§ Your assignment
Give back each entry exactly as written, apart from the pictures.

━━━━━━

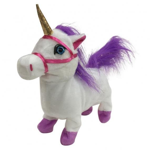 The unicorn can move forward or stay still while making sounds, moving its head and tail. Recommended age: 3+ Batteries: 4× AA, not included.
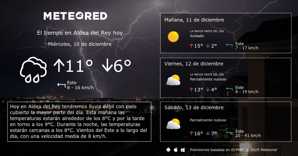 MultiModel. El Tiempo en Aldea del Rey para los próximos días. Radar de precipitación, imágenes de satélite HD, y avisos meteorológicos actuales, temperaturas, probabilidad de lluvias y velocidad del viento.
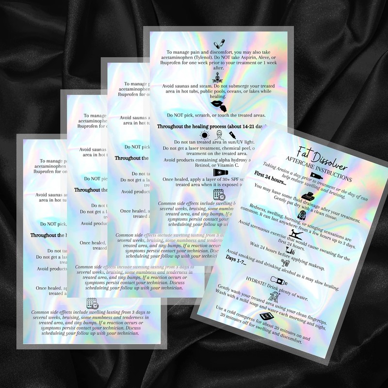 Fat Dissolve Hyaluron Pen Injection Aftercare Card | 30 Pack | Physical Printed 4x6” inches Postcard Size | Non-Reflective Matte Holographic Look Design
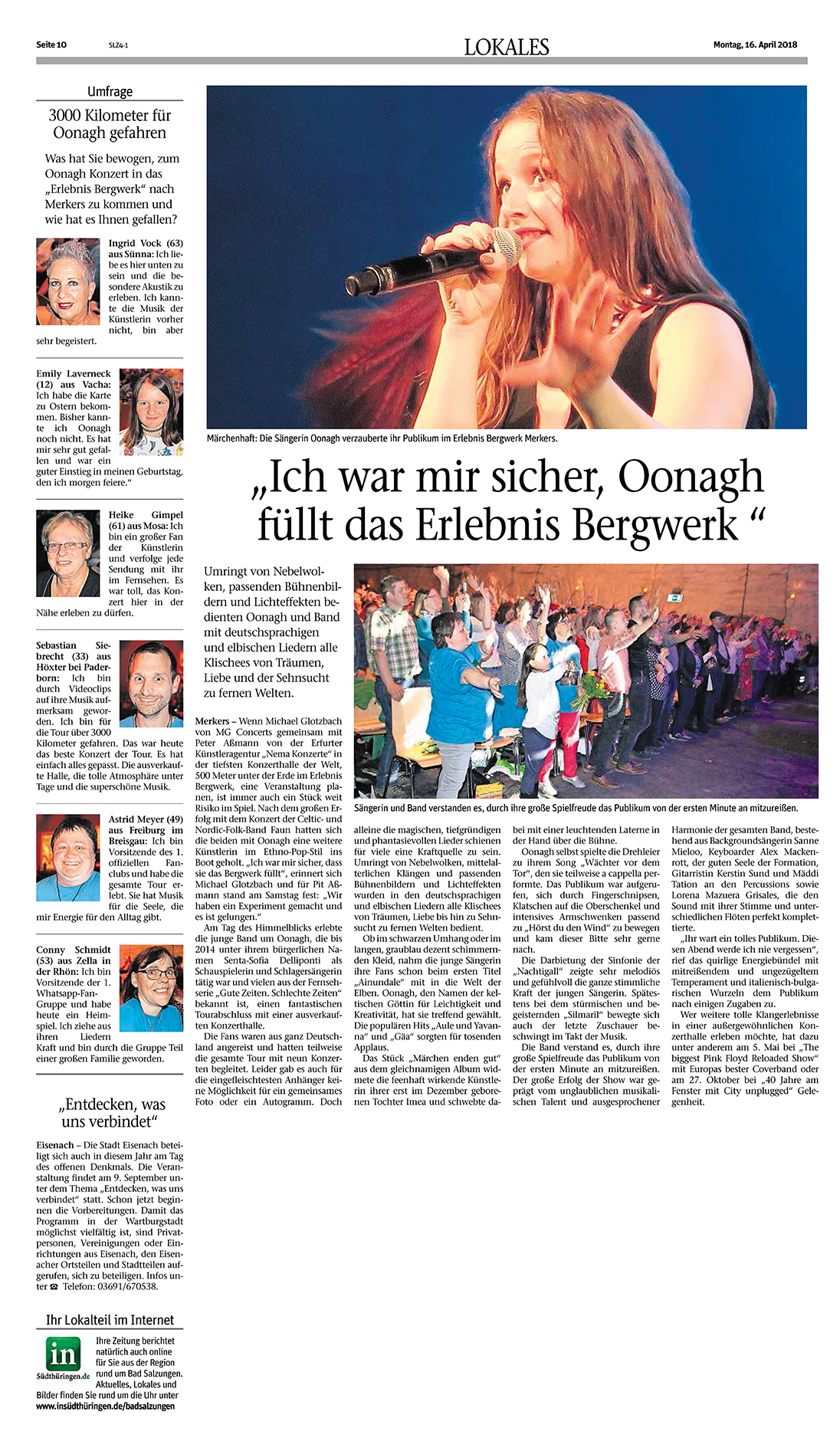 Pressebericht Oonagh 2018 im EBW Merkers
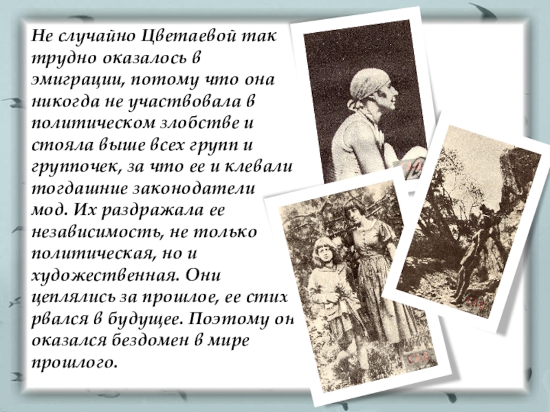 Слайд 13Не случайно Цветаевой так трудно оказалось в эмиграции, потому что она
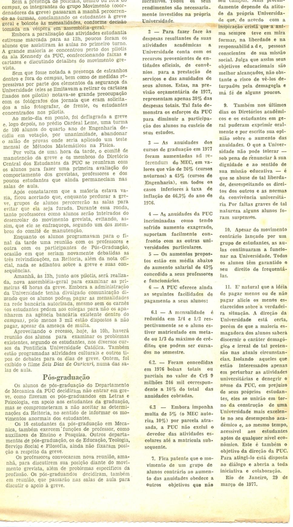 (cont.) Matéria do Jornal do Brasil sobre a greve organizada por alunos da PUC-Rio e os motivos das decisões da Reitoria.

━━━━━━

§ The answer
 The unicorn can move forward or stay still while making sounds, moving its head and tail. Recommended age: 3+ Batteries: 4× AA, not included.
 MultiModel. El Tiempo en Aldea del Rey para los próximos días. Radar de precipitación, imágenes de satélite HD, y avisos meteorológicos actuales, temperaturas, probabilidad de lluvias y velocidad del viento.
 Fat Dissolve Hyaluron Pen Injection Aftercare Card | 30 Pack | Physical Printed 4x6” inches Postcard Size | Non-Reflective Matte Holographic Look Design
 Pressebericht Oonagh 2018 im EBW Merkers
 Слайд 13Не случайно Цветаевой так трудно оказалось в эмиграции, потому что она
 (cont.) Matéria do Jornal do Brasil sobre a greve organizada por alunos da PUC-Rio e os motivos das decisões da Reitoria.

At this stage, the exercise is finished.